Take the lines below from the one with "豚の横隔膜の部位で豚1頭から" through the one with "这八个维度相当于是预测框中心" and retype them exactly. Include nothing else, and no pictures.

### DATA FOR PROCESSING
____

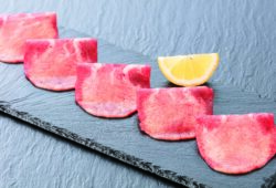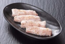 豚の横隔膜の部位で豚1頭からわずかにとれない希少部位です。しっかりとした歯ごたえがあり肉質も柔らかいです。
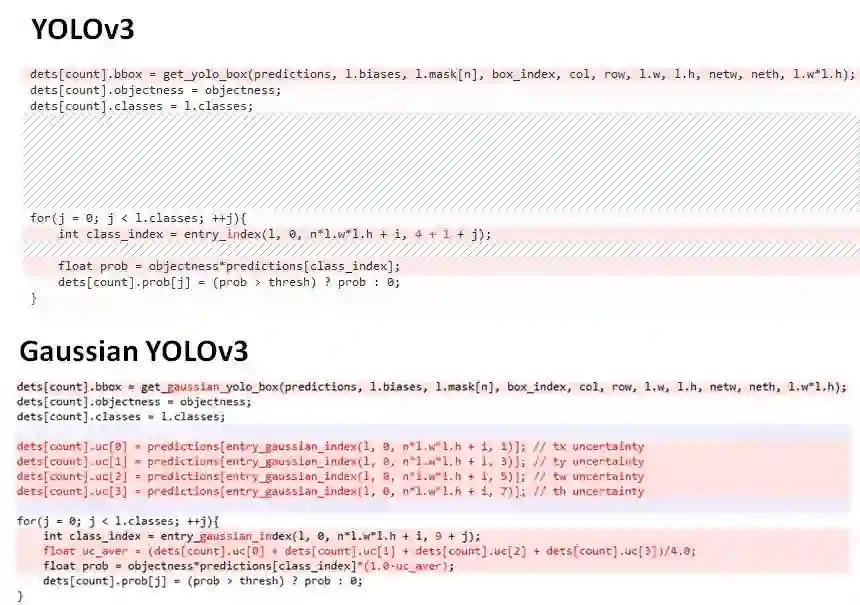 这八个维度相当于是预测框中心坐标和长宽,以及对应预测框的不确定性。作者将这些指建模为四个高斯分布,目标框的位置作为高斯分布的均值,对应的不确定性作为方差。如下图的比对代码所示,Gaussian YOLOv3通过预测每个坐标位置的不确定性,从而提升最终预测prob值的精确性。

____

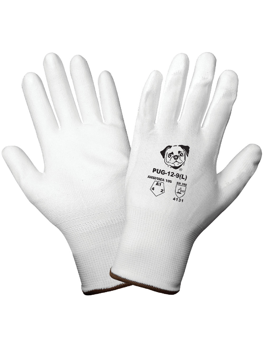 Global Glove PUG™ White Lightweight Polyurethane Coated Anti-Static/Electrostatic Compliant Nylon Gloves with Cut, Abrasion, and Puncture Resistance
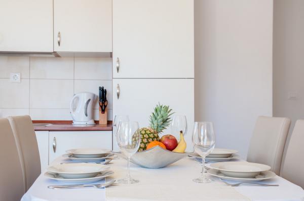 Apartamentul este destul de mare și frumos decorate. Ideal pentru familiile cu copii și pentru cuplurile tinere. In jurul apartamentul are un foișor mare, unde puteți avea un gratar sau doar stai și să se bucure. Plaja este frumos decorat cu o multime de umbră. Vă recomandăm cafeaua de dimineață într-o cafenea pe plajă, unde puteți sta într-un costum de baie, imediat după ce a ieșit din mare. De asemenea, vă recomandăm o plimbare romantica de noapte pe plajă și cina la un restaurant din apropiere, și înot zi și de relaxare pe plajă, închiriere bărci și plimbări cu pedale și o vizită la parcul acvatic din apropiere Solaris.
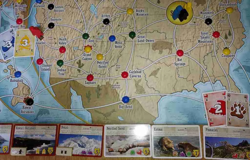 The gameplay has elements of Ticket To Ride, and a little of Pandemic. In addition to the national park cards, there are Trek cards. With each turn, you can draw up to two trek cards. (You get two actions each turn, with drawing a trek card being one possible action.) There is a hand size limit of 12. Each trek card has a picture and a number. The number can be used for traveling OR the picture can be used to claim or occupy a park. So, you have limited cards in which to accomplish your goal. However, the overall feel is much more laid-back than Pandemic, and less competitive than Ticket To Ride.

____

### YOUR RESPONSE
 豚の横隔膜の部位で豚1頭からわずかにとれない希少部位です。しっかりとした歯ごたえがあり肉質も柔らかいです。
 这八个维度相当于是预测框中心坐标和长宽,以及对应预测框的不确定性。作者将这些指建模为四个高斯分布,目标框的位置作为高斯分布的均值,对应的不确定性作为方差。如下图的比对代码所示,Gaussian YOLOv3通过预测每个坐标位置的不确定性,从而提升最终预测prob值的精确性。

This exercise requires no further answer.